There’s no denying that California is the world’s largest cannabis market. With thousands upon thousands of cultivation sites tucked within the NorCal redwoods and throughout SoCal warehouse districts, the world of weed has always looked to the Golden State for innovation, guidance, and decades of expertise. 

But six months after California launched legal recreational weed sales, the West Coast marijuana mecca is still struggling to bring the industry up to expectations. According to newly released statistics from the state Bureau of Cannabis Control (BCC) first reported by the Associated Press, slow licensing processes, backlogs at permitted testing labs, and a pervasive black market have collectively limited California’s year-to-date cannabis tax revenue to $82 million, over $100 million less than 2017 predictions had previously estimated. 

“After six months of legal cannabis sales there is a staggering…gap between today’s tax revenue numbers and what voters were promised,” Democratic state Assemblyman Evan Low told the AP. “Regulators must adapt before California’s lawful cannabis businesses are obliterated by the black market.”

To make matters worse, those statistics cover revenue collected between the beginning of January and the end of June, before California removed its retail sales grace period and introduced stricter regulations in July. In the six weeks since those new rules were implemented, cultivators and distributors have struggled with testing and packaging requirements, leaving a number of pot shops across the state with understocked shelves.

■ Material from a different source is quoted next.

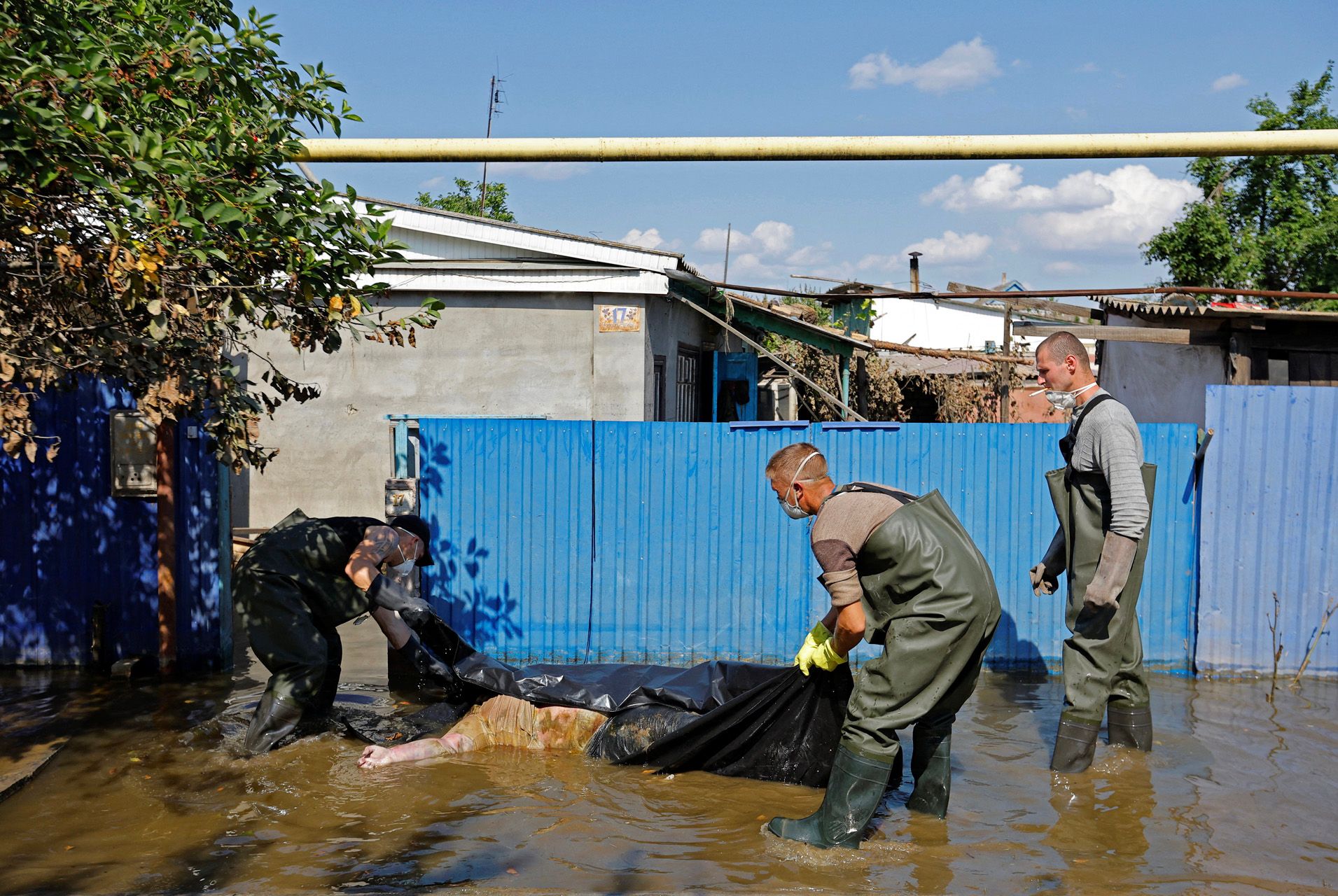 AP / Scanpix / LETA Разрушенная плотина Каховской ГЭС. 7 июня 2023 годаAlexander Ermochenko / Reuters / Scanpix / LETA Работники окоммунальных служб выносят из затопленного дома тело погибшего жителя города Голая Пристань в 90 километрах от Новой Каховки. 16 июня 2023 годаEvgeniy Maloletka / AP / Scanpix / LETA Жительница Херсона Татьяна со своими собаками Цацой и Чуней. 6 июня 2023 годаLibkos / AP / Scanpix / LETA Вид на затопленные районы Херсона. 7 июня 2023 годаFelipe Dana / AP / Scanpix / LETA Жительница Херсона Ирина с дочерью Любовью во время эвакуации. Они были вынуждены прятаться от обстрела, который начался, пока в затопленных районах города шли спасательные операции. 6 июня 2023 годаAlex Babenko / AP / Scanpix / LETA Два катера украинских морпехов на Днепре под Херсоном. 14 октября 2023 года

In an attempt to reconcile the industry’s current issues and move California’s cannabis market out of the shadows once and for all, BCC chief Lori Ajax and fellow regulators appeared at a public hearing in Los Angeles this week, where they heard the complaints, call-outs, and suggestions for improvement from dozens of concerned ganjapreneurs and legal marijuana advocates.

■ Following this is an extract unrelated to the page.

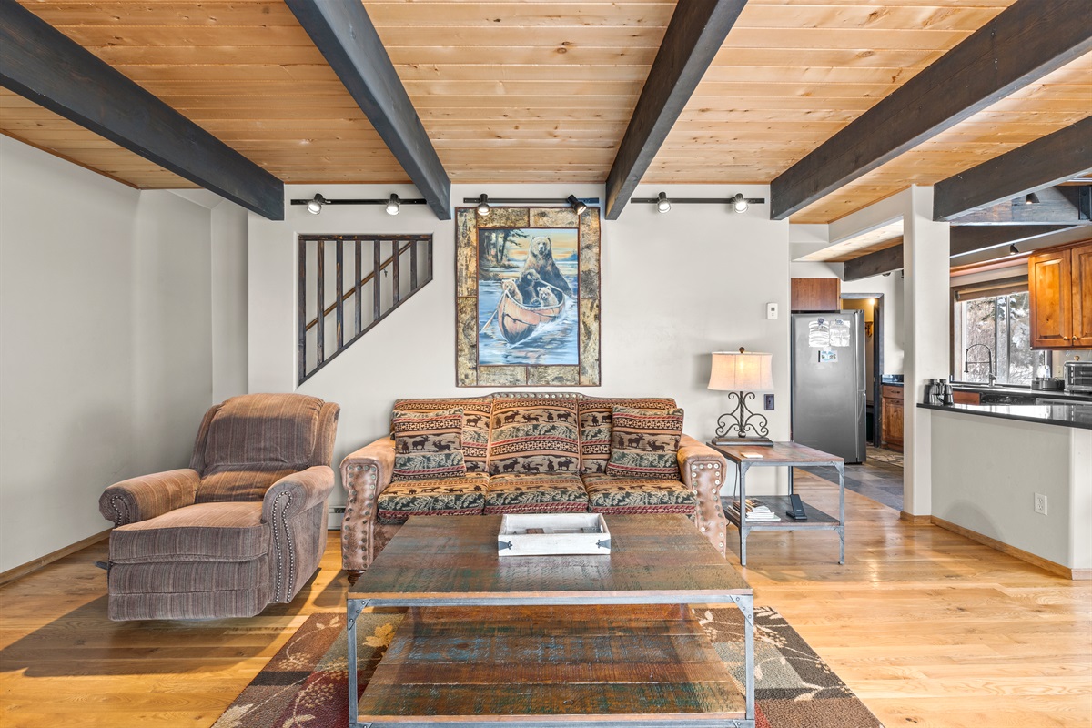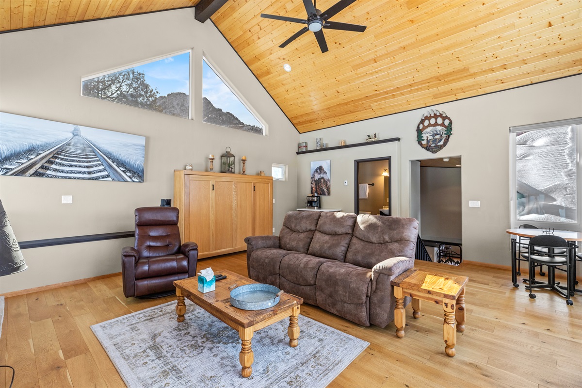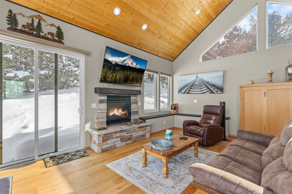 This spacious home offers warm mountain character, comfort, and privacy. Large windows fill the house with natural light while framing stunning scenery.

Over the course of the Tuesday hearing, disgruntled members of the cannabis community bemoaned supply chain complications, a dearth of licenses, and the miles upon miles of the state that are still without legal access at all. Because local municipalities must approve canna-businesses before they are licensed by the state, huge swaths of California still don’t have any legal dispensaries. A new bill that would protect pot delivery companies in servicing access gaps was also a point of contention at the L.A. meeting. 

“The situation is pretty severe,” Hezekiah Allen, executive director of the California Growers Association, told the AP. “Most of the state doesn’t have access to it. The California marketplace needs significant change if it’s going to function…primarily at the local level.”

Responding to the public outcry and disappointing sales data, Ajax and her BCC co-workers indicated that they would look into potential changes, but estimated that any regulatory revisions are still months away, if not longer.

“Unfortunately, there is confusion out there,” Ajax said at Tuesday’s hearing.